Eg if a propeller blows a load of air backwards that air will eventually
stop moving with respect the rest of the air mass around it. How do you
think the energy is lost? As heat of course.


BUT that is friction (between air molecules and of air molecules with
solid objects) doing the heating not the turbulence itself. 'Bruce'
was claiming that the friction was a minor component of the heating,
but friction is pretty much the only source of heating when airflows
are considered.

On Fri, 14 Aug 2009 04:10:01 -0700 (PDT)
Andy wrote:
solid objects) doing the heating not the turbulence itself. 'Bruce'
was claiming that the friction was a minor component of the heating,

Ah ok , didn't realise thats what he was saying. That kind of stupid
argument is par for the course with Bruce (or whatever his real name is).

B2003

On Fri, 14 Aug 2009 03:37:33 -0700 (PDT), Andy
wrote:

But turbulence does not heat the air. Turbulent air generally stays at
the same temperature as the still air that was in position before.
Heat is all in the internal vibrations of the air molecules, not in
the bulk movement.


Utter nonsense. Go to the back of the class!

On 14 Aug, 12:35, Bruce wrote:
On Fri, 14 Aug 2009 03:37:33 -0700 (PDT), Andy
wrote:



But turbulence does not heat the air. Turbulent air generally stays at
the same temperature as the still air that was in position before.
Heat is all in the internal vibrations of the air molecules, not in
the bulk movement.

Utter nonsense. *Go to the back of the class!

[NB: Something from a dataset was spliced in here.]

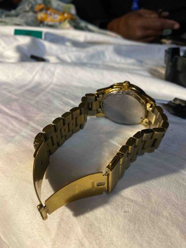 This is a contemporary men's wristwatch featuring a yellow gold-tone finish over what appears to be a stainless steel base. The watch is constructed with a round case and a matching three-link 'President' style bracelet. The metal shows signs of moderate wear, including superficial scratches and scuffs consistent with regular usage. The case back is silver-toned, likely brushed stainless steel, which is common in plated watches to prevent skin irritation and corrosion. The bracelet is secured with a fold-over deployment clasp, which shows a small inscription or mark on the internal hinge, likely indicating 'Stainless Steel' or a brand logo. The crystal over the dial appears intact from this angle, though the dial itself is not visible. The bezel is smooth and polished, and the crown is located at the standard 3 o'clock position. This style is characteristic of modern fashion watches from the late 20th to early 21st century. The craftsmanship is indicative of a mass-produced consumer grade timepiece rather than high-luxury horology, as evidenced by the plating wear on some link edges and the simple construction of the clasp mechanism.

Really? Can you explain how turbulent air gets hotter without
friction? I suggest that you go and read up on fluid dynamics and try
and learn something.

On Fri, 14 Aug 2009 05:12:05 -0700 (PDT), Andy
wrote:

Really? Can you explain how turbulent air gets hotter without
friction?


You're talking about skin friction between the train and the air. I'm
talking about turbulence. Two very different things, as I am sure you
will continue to fail to appreciate.

I majored in fluid flow at University.

On Aug 15, 12:28*pm, Bruce wrote:
On Fri, 14 Aug 2009 05:12:05 -0700 (PDT), Andy
wrote:



Really? Can you explain how turbulent air gets hotter without
friction?

You're talking about skin friction between the train and the air. *

Where did I say that? I just mentioned friction.

I'm talking about turbulence. *Two very different things, as I am sure you
will continue to fail to appreciate.

I majored in fluid flow at University.

Really and you are still talking ********, I'm impressed.

There is NO heating directly from the turbulent air. All the heating
which might arise from turbulence comes from fricton. Both between the
moving air and the tunnel walls and between air flows moving at
different speeds. Bulk flow of any fluid doesn't make it hotter; but
the interaction of different moving sections of air gives rise to
friction and it is this the friction that causing the air to get
hotter, not the turbulence itself.

You were the one saying that friction is the minority cause of heating
when, in fact, it is pretty much the only direct cause of heating.
Just to emphasize the point. TURBULENCE causes FRICTION which leads to
HEAT, which part don't you understand?